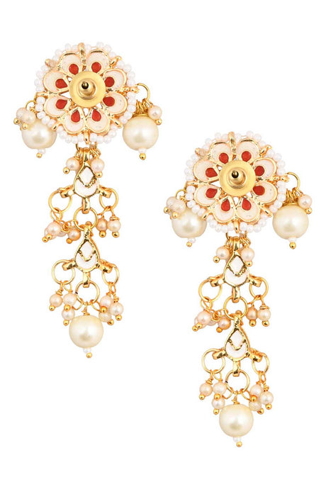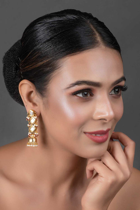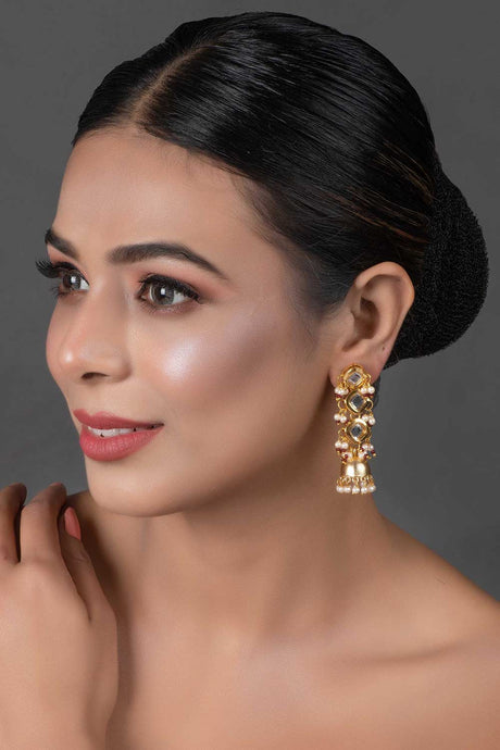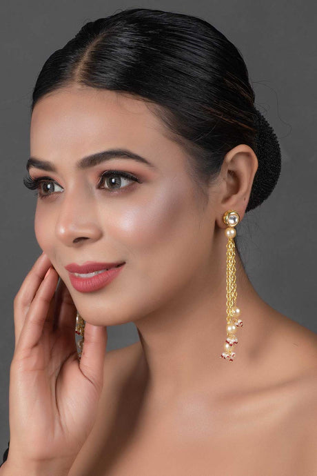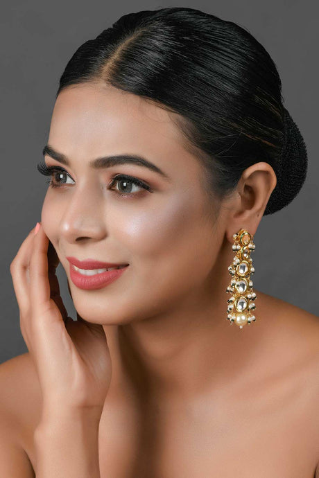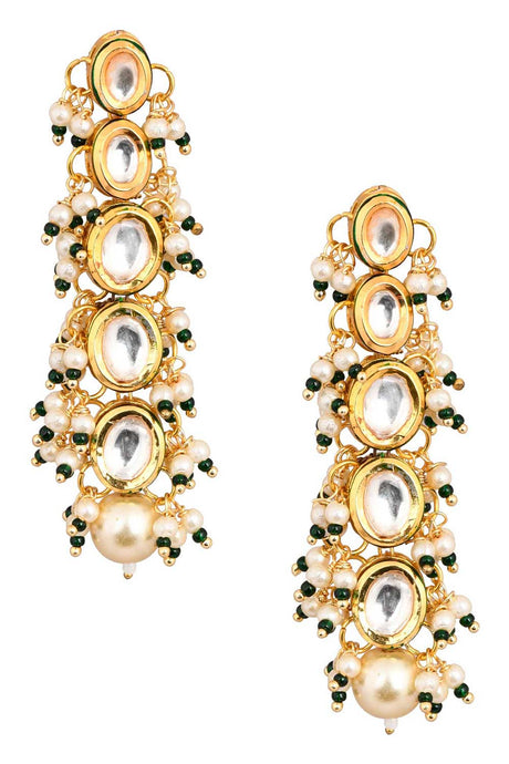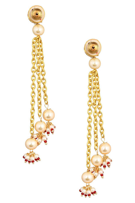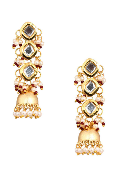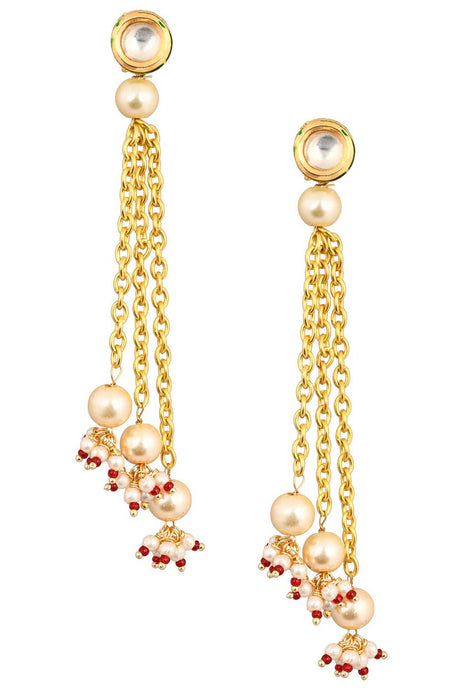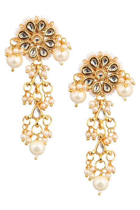 Gold Tone Pearl Beaded Kundan Contemporary Earrings
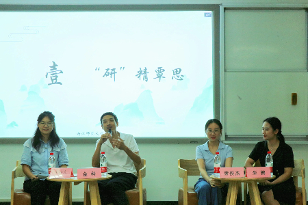 9月20日晚,人文学院超级“研”讨会于25幢202教室顺利举行。我院语言学与应用语言学专业席俊杰老师、研办金科老师,马克思主义学院辅导员朱柳老师出席本次“研”讨会,2023级中国古代文学专业硕士研究生程名担任主持,研一各专业同学到场聆听。
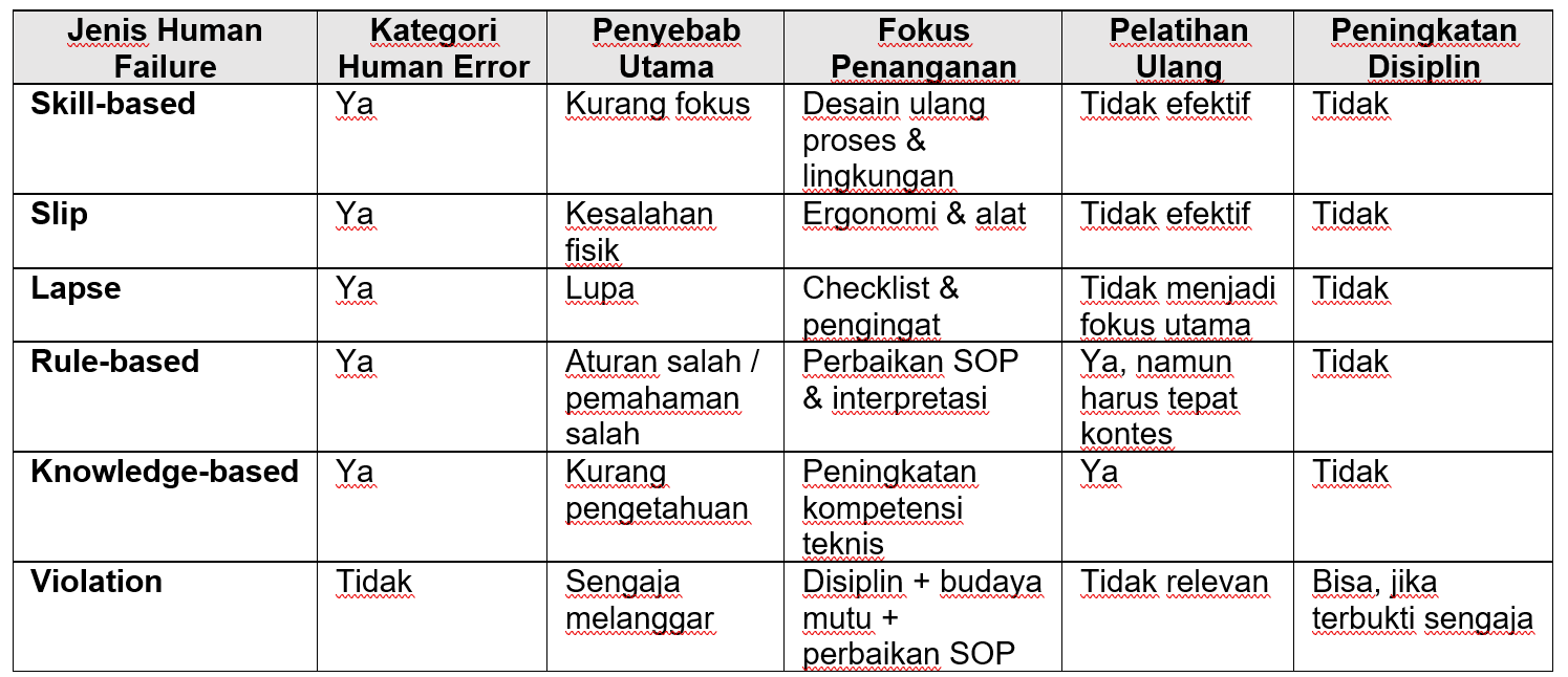 Ketika human error terlalu sering disebut sebagai penyebab, itu menjadi tanda bahwa investigasi tidak dilakukan secara mendalam. Banyak masalah yang tampak seperti akibat human error, terutama jika terjadi berulang, yang sebenarnya berasal dari kelemahan pada proses atau sistem. Kalau proses dan sistemnya tidak diperbaiki, masalah akan terus muncul meskipun kesalahan selalu dikatakan sebagai human error.
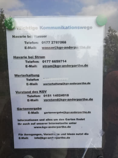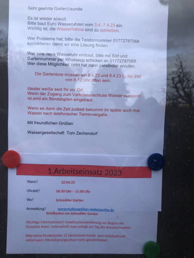 1. Wasseranschluss: 8. Und 9.4. zwischen 08:00 und 12:00 müssen die Gartentore geöffnet sein. Idealerweise ist auch jemand da. Von den am Plenum anwesenden ist niemand über Ostern da. Wenn keiner da ist lassen wir einfach das Gartentor offen.

◆ **WHAT THE TASK REQUIRES**: Emit the lines of the data above from the one containing "Ketika human error" through its final line, both endpoints included. Pictures do not belong in the output.

◆ **EXERCISE ANSWER**:
 Ketika human error terlalu sering disebut sebagai penyebab, itu menjadi tanda bahwa investigasi tidak dilakukan secara mendalam. Banyak masalah yang tampak seperti akibat human error, terutama jika terjadi berulang, yang sebenarnya berasal dari kelemahan pada proses atau sistem. Kalau proses dan sistemnya tidak diperbaiki, masalah akan terus muncul meskipun kesalahan selalu dikatakan sebagai human error.
 1. Wasseranschluss: 8. Und 9.4. zwischen 08:00 und 12:00 müssen die Gartentore geöffnet sein. Idealerweise ist auch jemand da. Von den am Plenum anwesenden ist niemand über Ostern da. Wenn keiner da ist lassen wir einfach das Gartentor offen.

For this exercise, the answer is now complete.